Quote the data below in full, minus the images.

Stored records
□ □ □ □ □ □ □

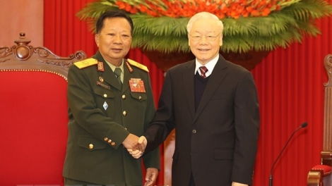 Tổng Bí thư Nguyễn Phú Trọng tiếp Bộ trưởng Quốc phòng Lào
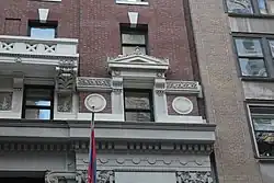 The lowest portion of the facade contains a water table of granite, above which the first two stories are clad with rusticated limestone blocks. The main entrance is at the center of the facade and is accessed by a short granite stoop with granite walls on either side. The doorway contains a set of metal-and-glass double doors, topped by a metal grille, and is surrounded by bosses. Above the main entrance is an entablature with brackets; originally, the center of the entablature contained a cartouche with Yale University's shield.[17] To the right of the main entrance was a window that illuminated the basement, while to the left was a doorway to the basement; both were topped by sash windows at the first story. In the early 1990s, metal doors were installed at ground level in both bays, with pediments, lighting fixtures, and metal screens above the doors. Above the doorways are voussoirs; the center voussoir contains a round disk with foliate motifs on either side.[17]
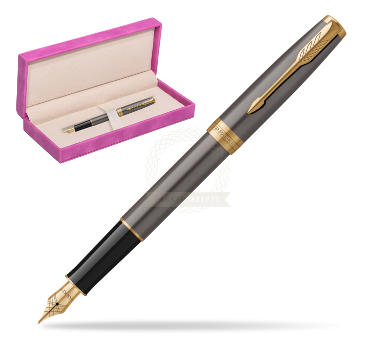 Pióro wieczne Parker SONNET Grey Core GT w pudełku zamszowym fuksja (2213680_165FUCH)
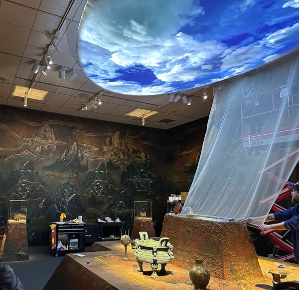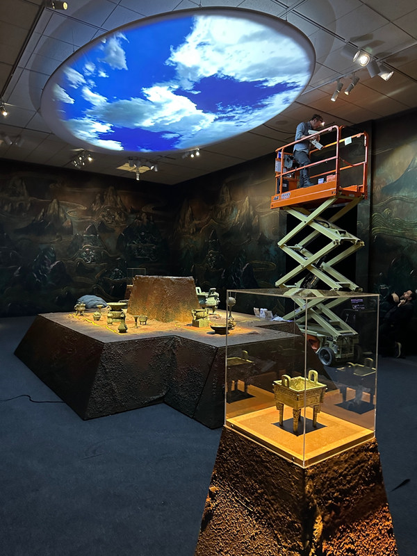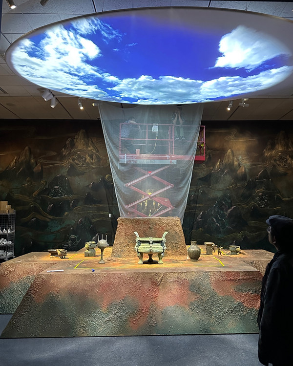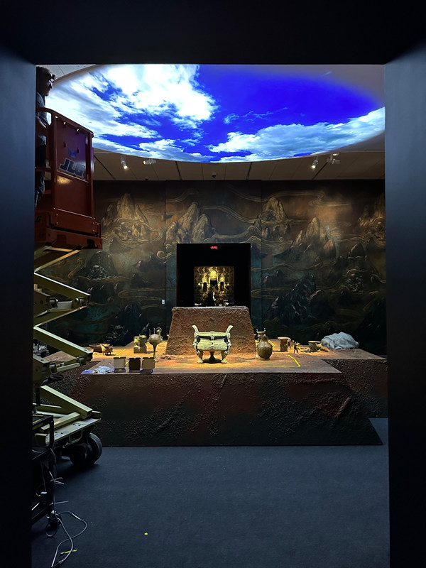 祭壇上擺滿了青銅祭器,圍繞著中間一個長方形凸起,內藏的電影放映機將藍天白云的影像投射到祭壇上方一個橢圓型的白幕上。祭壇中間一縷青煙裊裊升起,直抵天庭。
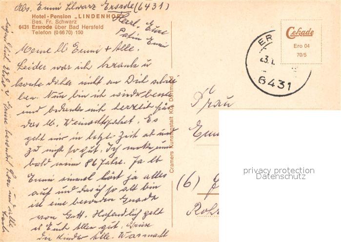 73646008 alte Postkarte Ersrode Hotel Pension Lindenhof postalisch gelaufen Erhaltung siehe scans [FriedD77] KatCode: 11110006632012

□ □ □ □ □ □ □

§ **Written solution**:
 Tổng Bí thư Nguyễn Phú Trọng tiếp Bộ trưởng Quốc phòng Lào
 The lowest portion of the facade contains a water table of granite, above which the first two stories are clad with rusticated limestone blocks. The main entrance is at the center of the facade and is accessed by a short granite stoop with granite walls on either side. The doorway contains a set of metal-and-glass double doors, topped by a metal grille, and is surrounded by bosses. Above the main entrance is an entablature with brackets; originally, the center of the entablature contained a cartouche with Yale University's shield.[17] To the right of the main entrance was a window that illuminated the basement, while to the left was a doorway to the basement; both were topped by sash windows at the first story. In the early 1990s, metal doors were installed at ground level in both bays, with pediments, lighting fixtures, and metal screens above the doors. Above the doorways are voussoirs; the center voussoir contains a round disk with foliate motifs on either side.[17]
 Pióro wieczne Parker SONNET Grey Core GT w pudełku zamszowym fuksja (2213680_165FUCH)
 祭壇上擺滿了青銅祭器,圍繞著中間一個長方形凸起,內藏的電影放映機將藍天白云的影像投射到祭壇上方一個橢圓型的白幕上。祭壇中間一縷青煙裊裊升起,直抵天庭。
 73646008 alte Postkarte Ersrode Hotel Pension Lindenhof postalisch gelaufen Erhaltung siehe scans [FriedD77] KatCode: 11110006632012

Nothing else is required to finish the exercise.